Torres et al. argue that our approach for selecting thresholds is not valid, citing the high standard deviation (SD) for mRNA abundance levels (RPKM) across the transcriptome (Torres et al. Figure 8B). However, we did not use abundance values, but rather relative abundance across isogenic strains, and thus the SD of RPKM values across all transcripts is not relevant to our analysis. What is relevant is the SD of replicate mRNA abundance ratios compared to the SD of the relative DNA values used to define the threshold applied to replicates. The average SD of the replicate mRNA ratios for each gene ranged from 0.12–0.3, for amplified genes and for unamplified genes. This was the same range as the SDs of the relative DNA abundance ratios (0.17–0.24) used to define the gene-specific thresholds (Table 1), which were applied to four biological measurements of relative mRNA abundance. Torres et al. attempt to estimate the false discovery rate of our method on permuted data; while their methods are not entirely clear, they identify hundreds more genes on randomized data than we did on real data, and the SD values cited in their Table 2 are not close to our values, suggesting critical differences in methods.

In a second analysis, we generated two sets of isogenic strain panels in which diploid cells carried two, three, or four copies of a chromosome. Triplicate mRNA and duplicate DNA measurements were generated for each strain in each panel, and the data were fit using a sensitive mixture of linear regressions (MLR) model, which did not use the same cutoff approach to call genes. In fitting the MLR model, we did not average the replicates to reduce data to three points in a scatterplot per gene – such an approach could be adversely affected by outliers. Instead, we used all replicate measurements on all genes simultaneously, contrary to the assertion in Torres et al. The model takes into account variation in the replicate mRNA measurements (see Hose et al. for details). For simplicity, we classified genes based on their maximum posterior probability, and no cutoff on the magnitude of the expression effect was used – indeed, we showed in the paper that many genes have only partially reduced expression (Hose et al. Figure 4 and 6). Though it was not a focus of the original report, the MLR mixture model allows for a conditional FDR assessment, following the approach in Newton et al. (2004). The 142 genes called Class 3A in the YPS1009 panel correspond to 17% FDR; the 30 genes called Class 3A in the NCYC110 panel correspond to 5% FDR by this method.

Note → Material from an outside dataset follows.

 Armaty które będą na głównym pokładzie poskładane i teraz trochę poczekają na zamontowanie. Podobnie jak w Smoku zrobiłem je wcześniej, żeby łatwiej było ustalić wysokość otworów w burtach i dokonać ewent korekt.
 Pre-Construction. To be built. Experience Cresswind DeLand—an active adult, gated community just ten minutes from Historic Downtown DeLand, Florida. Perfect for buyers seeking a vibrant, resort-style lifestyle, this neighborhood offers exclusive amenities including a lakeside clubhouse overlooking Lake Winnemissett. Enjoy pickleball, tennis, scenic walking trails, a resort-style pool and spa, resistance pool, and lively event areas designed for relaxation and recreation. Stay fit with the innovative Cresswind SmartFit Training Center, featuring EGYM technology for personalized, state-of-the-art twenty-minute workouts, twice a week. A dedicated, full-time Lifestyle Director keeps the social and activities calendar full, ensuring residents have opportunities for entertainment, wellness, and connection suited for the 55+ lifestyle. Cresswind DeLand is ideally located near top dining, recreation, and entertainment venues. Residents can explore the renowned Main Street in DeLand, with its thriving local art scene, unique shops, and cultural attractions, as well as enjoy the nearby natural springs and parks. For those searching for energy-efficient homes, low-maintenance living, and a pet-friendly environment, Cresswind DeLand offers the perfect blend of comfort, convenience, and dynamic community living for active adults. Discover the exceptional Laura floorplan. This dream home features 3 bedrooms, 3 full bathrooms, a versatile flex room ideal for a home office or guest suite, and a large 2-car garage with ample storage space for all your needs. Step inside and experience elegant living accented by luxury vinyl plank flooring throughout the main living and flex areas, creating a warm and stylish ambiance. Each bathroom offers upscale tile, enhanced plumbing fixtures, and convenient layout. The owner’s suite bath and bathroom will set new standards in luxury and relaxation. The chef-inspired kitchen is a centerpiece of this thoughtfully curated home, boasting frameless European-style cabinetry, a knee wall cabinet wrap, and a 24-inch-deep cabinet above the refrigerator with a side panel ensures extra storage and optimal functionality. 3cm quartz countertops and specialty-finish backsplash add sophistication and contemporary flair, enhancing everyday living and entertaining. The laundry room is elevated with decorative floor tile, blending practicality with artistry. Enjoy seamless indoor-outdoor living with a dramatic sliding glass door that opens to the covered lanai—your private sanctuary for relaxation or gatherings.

An independent check on MLR computations comes by using ordinary linear regression on the same input data, and using the regression to test the null hypothesis (per gene) of no deviation from proportional expression (i.e. the null is intercept=0 and slope=1). Under normal theory, the likelihood ratio test statistic has a chi-squared distribution on 2 degrees of freedom. An estimate of the proportion of null genes comes by processing the collection of chi-square p-values through Storey's q-value calculator (Storey, 2003). For both strain panels, these null proportion estimates are remarkably close to the Class 1 proportion estimates from MLR (in the YPS1009 panel: 14% by q-value and 15% by MLR; in the NCYC110 panel: 7% by q-value and 8% by MLR, both among the set of genes showing linear relationships on the log scale mRNA versus DNA). The likelihood ratio approach does not offer a direct classification of non-null genes, in contrast to the favored MLR approach used in Hose et al., but does provide a check on inferences about the breath of putative-dosage compensation effects. In summary, the two methods we used to identify genes expressed lower-than-expected in isogenic aneuploid versus euploid strains identified 245 genes for downstream analysis. This amounts to 10 to 30% of genes depending on the strain and affected chromosome, or 15% of all genes assessed, at an FDR between 5 and 17%.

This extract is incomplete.